Weeks ago when rapper Nicki Minaj took to Twitter to expose MTV for perpetuating a system that for so long has failed to make space for women of different sizes and races, media responded by painting a narrative that violently pigeonholes Black women into the angry female mold — one that justifies the assault they so often face.
When America’s Sweetheart Taylor Swift responded in an unsolicited tweet that victimized the pop singer and vilified Nicki, it was clear this was a common story. As NewsOne’s managing editor Christina Coleman wrote in this op-ed, this disheartening practice seems to be ingrained in our society.
Too often women of color are painted as aggressive, an action that leads to the disenfranchisement and abuse of Black women, sanctioned by the false idea that they are angry, strong-willed, and never in need of support or protection.
It’s this same trope that no doubt fuels the high number of Black girls that are suspended in school — Black girls are suspended six times more often than White girls — or targeted by police as we witnessed in McKinney, Texas, when a young Black teenage girl was roughly handled by an officer. And though the derailed message Nicki was trying to spread and the misunderstanding between her and Swift seems worlds away from the abuse that’s happening every day in Black communities, the two are unequivocally connected.
It’s a coincidence we can’t ignore.
That’s a narrative not lost on Twitter users, who took Swift’s attempt to push her own victimhood as the mainstream feminism that so often silences intersectionality.
And it’s the same narrative that no doubt played a role in the treatment of Sandra Bland, the Illinois woman who was arrested last month and died three days later in a jail cell. Video of Bland’s disturbing and aggressive arrest was released at the same time Nicki and Swift engaged in what could have been a productive conversation about intersectionality and the visibility of Black women.
The thread between the three women may seem thin, but a closer look reveals that it’s really not that far-fetched at all.
In this week’s The Retweet, GlobalGrind and NewsOne Editor Christina Coleman discusses that common thread with Allison McGevna, managing editor of HelloBeautiful.com, and Jada Gomez, managing editor of TheUrbanDaily.com.

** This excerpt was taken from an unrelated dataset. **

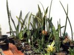 Виды и сорта: Сансевиерия - одно из самых популярных комнатных растений, а безусловный фаворит в роду С. Лауренти (S. laurentii). Листья могут достигать 1 м и более в длину, но обычная длина - 30-45 см. Исходная форма С. трехполосная (S. trifasciata) (которую иногда ошибочно продают под названием С. цейлонская - S. zeylanica) не такая крупная, выглядит скромнее и не столь популярна. Среди культурных форм, помимо привычного «тещина языка», есть и другие красочные разновидности. У формы Moonshine компактные размеры и изящно окрашенные в светло- и темно-зеленые тона листья, у формы Bantel's Sensation на листьях расположенные по горизонтали крестовидные кремовые полоски, у разновидности Craigii края листьев окаймлены широкой полосой кремового цвета. Самая высокая - С. цилиндрическая (S. cylindrical). Однако не у всех разновидностей сансевиерии длинные пряморастущие листья - например, у разновидности Hahnii розетка мясистых листьев до 10 см длиной со светлыми горизонтальными полосками. У Golden hahnii желтые полосы по краю листа, у Silver hahnii серебристо-зеленые листья с более темными полосками. Очень необычно выглядит ампельная С. большая (S. grandis), которую можно выращивать в висячей корзинке.

For more episodes of The Retweet, see here.
PHOTO CREDIT: Twitter
Every Time Nicki Minaj Fought For Women
17 photos Launch gallery
1. "If a man did the same video with sexy women in it, no one would care. You’re talking about newspeople who don’t even know anything about hip-hop culture. It’s so disrespectful for them to even comment on something they have no idea about. They don’t say anything when they’re watching the Victoria’s Secret show and seeing boobs and thongs all day. Why? Shame on them. Shame on them for commenting on “Anaconda” and not commenting on the rest of the oversexualized business we’re a part of."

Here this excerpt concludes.